If so, Happy Passover!


----------



## Warrigal (Apr 23, 2016)

Isn't it a bit late for Passover?

If not, I add my best wishes for a happy and fruitful celebration.


----------



## SeaBreeze (Apr 23, 2016)

Happy Passover to all who celebrate!


----------



## Pinky (Apr 27, 2016)

Passover goes from April 22 - April 30. I have a friend in Manhattan who attends the Central Synagogue there, and I often watch their freestream services. 

My friends are pleased with the new rules of Passover, as per old food restrictions:
http://www.nytimes.com/2016/04/25/nyregion/new-york-today-the-new-rules-of-passover.html


----------



## fureverywhere (Apr 27, 2016)

That I used to observe...hubby's a lapsed Catholic, youngest boy is agnostic, oldest boy and wife...and grand baby...Buddhist.

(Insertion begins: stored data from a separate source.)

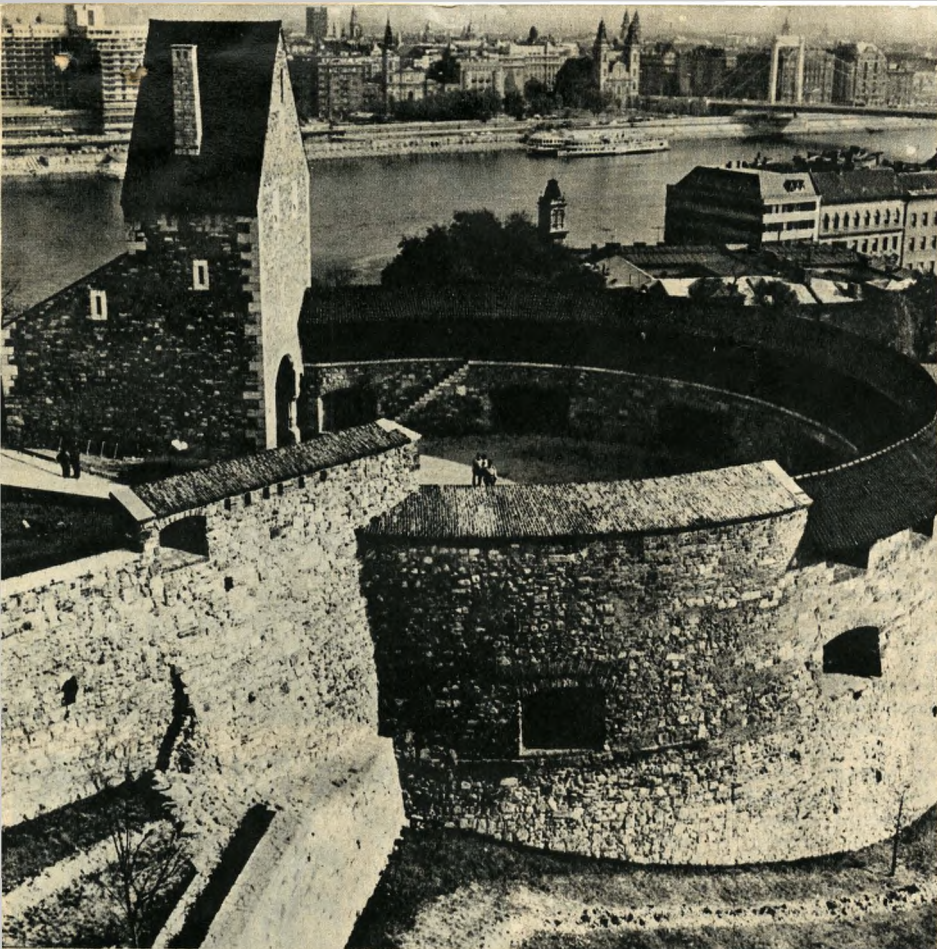
A nagy rondella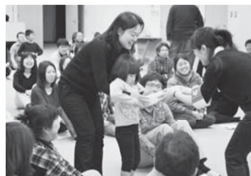
ちょっとはずかしいかな…。お母さんと一緒に〇×クイズで商品ゲット。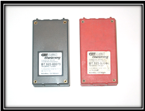
12V Akku Easy/Mini (Artikel BT923-00075)

Dies hat zur Folge, dass ältere Ladegeräte nicht mehr verwendet werden können, da diese nicht für NiMH-Akkus ausgelegt sind. Diese müssen bei Bestellungen entsprechend ersetzt werden.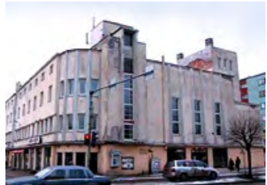
Seltsi maja Nõmmel.

Nõmme Haridus- ja Rahvamajaselts. Pärnu mnt 326, 11611 Tallinn, tel 5623 9523, rahvamajaselts@gmail.com, andro.roos@yhistupank.ee, andro@lkm.ee.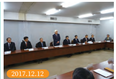
第9回横浜市環境創造局との対話会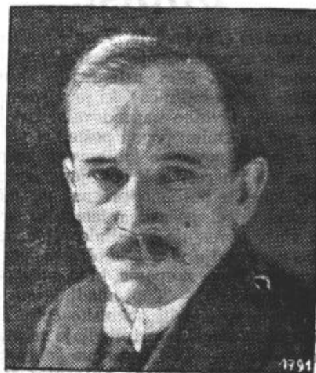
Čehoslovaški zunanji minister dr. Edvard Beneš.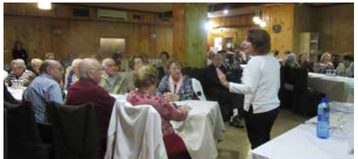
Carpio de Tajo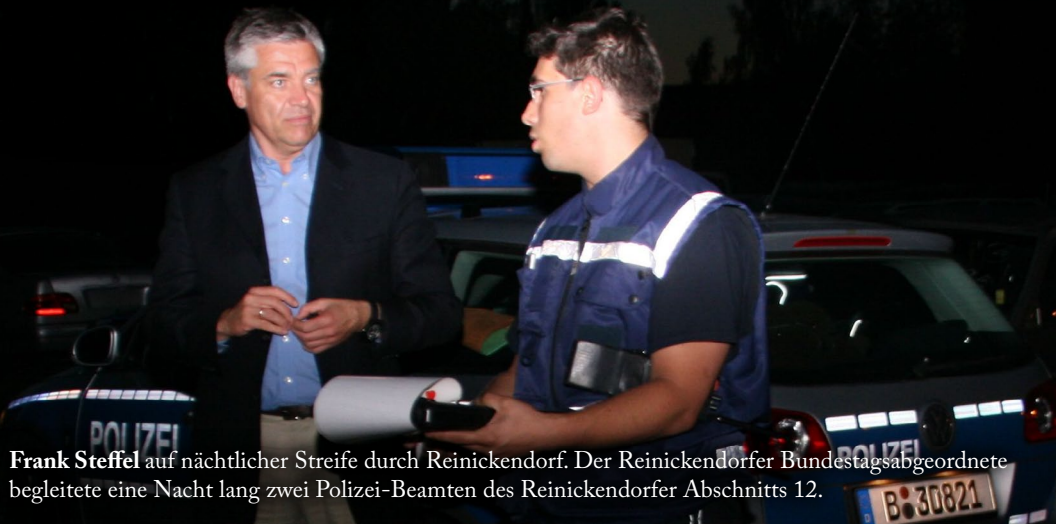
Frank Steffel auf nächtlicher Streife durch Reinickendorf. Der Reinickendorfer Bundestagsabgeordnete begleitete eine Nacht lang zwei Polizei-Beamten des Reinickendorfer Abschnitts 12.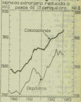
Bancos Comerciales Colocaciones y Depósitos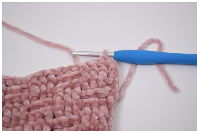
3. Virka fm fram till hörnet. I hörnet, virka 3 fm.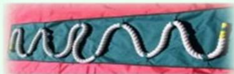
Массажная дорожка «Змейка»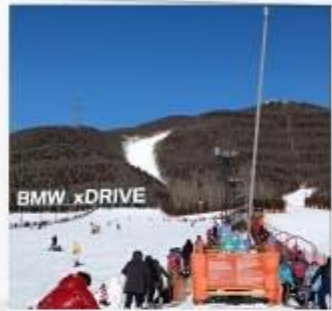
เล่นสกีจวิตุซ่าน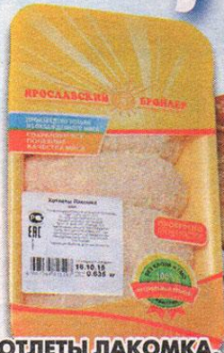
КОТЛЕТЫ ЛАКОТКА, охлажденные, рубленые, Ярославский бройлер, 635 г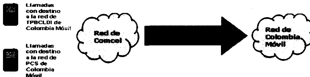
Gráfico 2. Curso de la llamada originada en la red de COMCEL según el tipo de numeración utilizada

A continuación se analizará el detalle en cada caso, a efectos de aclarar la manera cómo deben remunerarse las redes de acuerdo con lo antes expuesto, teniendo en cuenta, en todo caso, que el tráfico que se genera en los eventos i) y ii) antes enunciados, siempre será entregado a COLOMBIA MÓVIL a través de los enlaces unidireccionales de COMCEL , toda vez que en ambos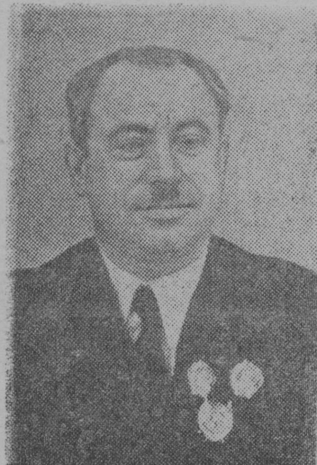
СНИМОК ВЫЛЫН: „И. СТАЛИН“ ледокол вывса экспедицияын начальник—Советскöй Союза Герой И. Д. Папанин.

дывательнöй да боевöй полётъяс, разнöй районъясын уськöдöма прöтивниклысь 7 самолёт.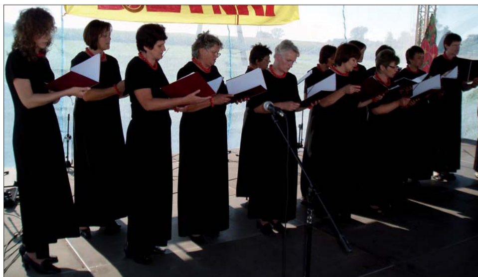
Chór „Canzona” swoimi pieśniami nadawał uroczystości podniosły ton.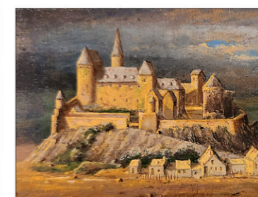
"Valkenburg" 2022 olieverf/paneel 4 x 6 cm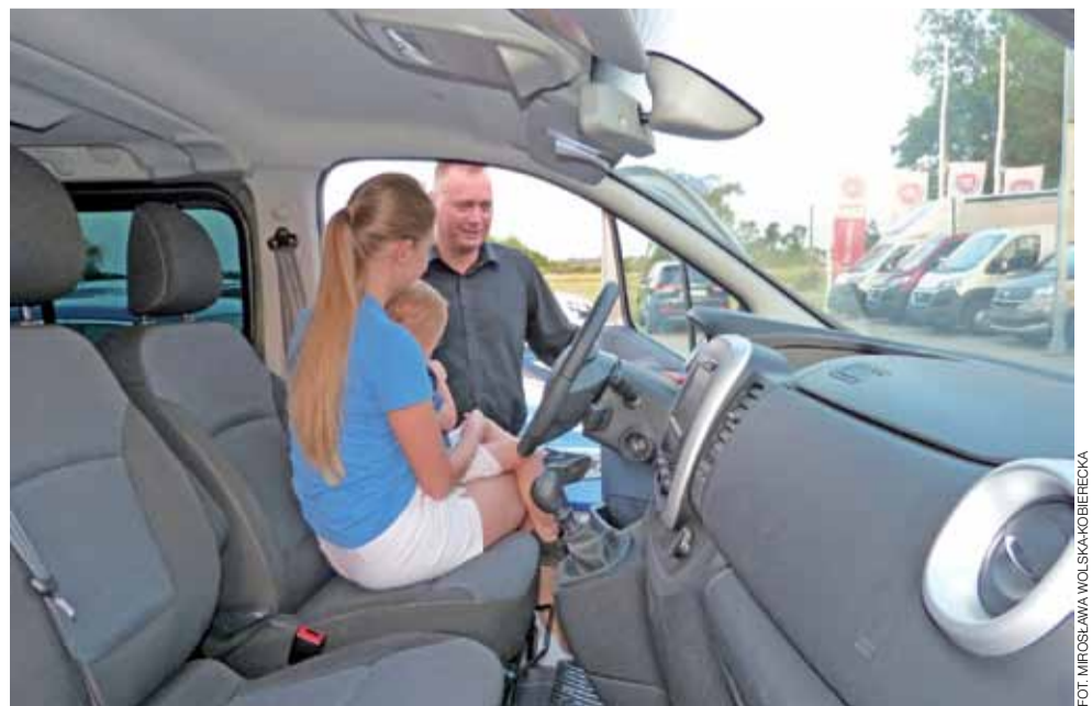
Spółka MGT oferuje sprzedaż tylko dostawczych Fiatów, stąd też „Noc cudów” nie przyciągnęła wielu klientów. tb

Wspomniani klienci zakupili Fiata Talento za 109 tys. zł (cena regularna wynosi 120 tys. zł) oraz Fiata Fiorino za 37 tys. zł (w tym przypadku upust wyniósł 4 tys. zł). mwk

Where do I go here?????


----------



## Pinky (Apr 27, 2016)

fureverywhere said:


> That I used to observe...hubby's a lapsed Catholic, youngest boy is agnostic, oldest boy and wife...and grand baby...Buddhist. Where do I go here?????



Where, indeed? ;-)

It's the same in my family. We're largely agnostic, but have Catholics and Muslims, son-in-law used to be a Catholic altar boy - now a follower of Thich Nhat Hanh. It think religious diversity is a good thing.


----------



## Marley (Aug 16, 2016)

I bet my Ashkenazi brothers and sisters are happy with lifting of the food restrictions. And have a ton of Sephardic recipes to share with them. I'm a Sephardic (Mediterranean Jew). Through the years, we have been able to eat rice, beans, all that wasn't approved by the Ashkenazis. But was approved by our rebes. Every Passover it would cause a riff. lol:glitter-heart:


----------